■ Input data ■
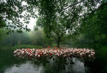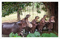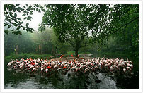 在游览车的右侧,可以看到许多头白犀牛。和白犀牛做邻居的是大嘴先生——河马,要想看到河马上岸可真不容易,它们白天的绝大部分时间都是在水中度过的,相貌古怪的鞍嘴鹳有时就“坐”在河马的背上休息。而在游览车的左侧,则有大群的白尾角马、大羚羊、南非剑羚、屁股上有个白圈的水羚以及重量级的中国三大国宝之一——金毛羚牛。一旁的水塘中,同是身穿白色大衣的鹈鹕与白天鹅在同一个湖里和谐共处。
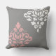 Scroll Damask Art I Pink White Gray Throw Pillow
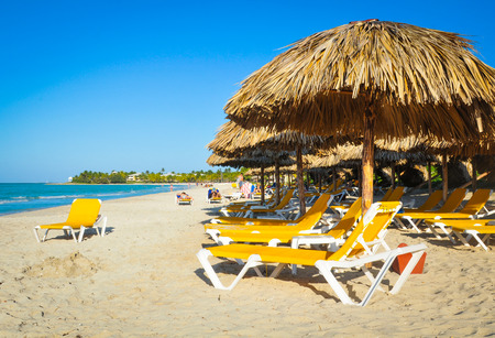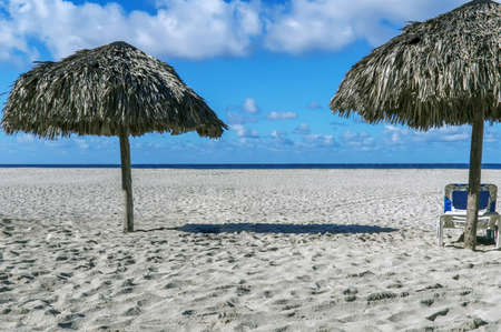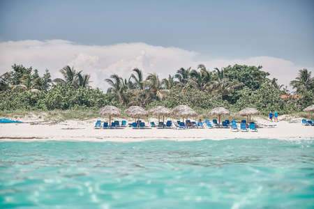 Exotic beach with white sand and umbrellas made of palm leafs in Cayo Largo island

■ The task ■
Without changing a word, retype the data above and omit its pictures.

■ Your response ■
 在游览车的右侧,可以看到许多头白犀牛。和白犀牛做邻居的是大嘴先生——河马,要想看到河马上岸可真不容易,它们白天的绝大部分时间都是在水中度过的,相貌古怪的鞍嘴鹳有时就“坐”在河马的背上休息。而在游览车的左侧,则有大群的白尾角马、大羚羊、南非剑羚、屁股上有个白圈的水羚以及重量级的中国三大国宝之一——金毛羚牛。一旁的水塘中,同是身穿白色大衣的鹈鹕与白天鹅在同一个湖里和谐共处。
 Scroll Damask Art I Pink White Gray Throw Pillow
 Exotic beach with white sand and umbrellas made of palm leafs in Cayo Largo island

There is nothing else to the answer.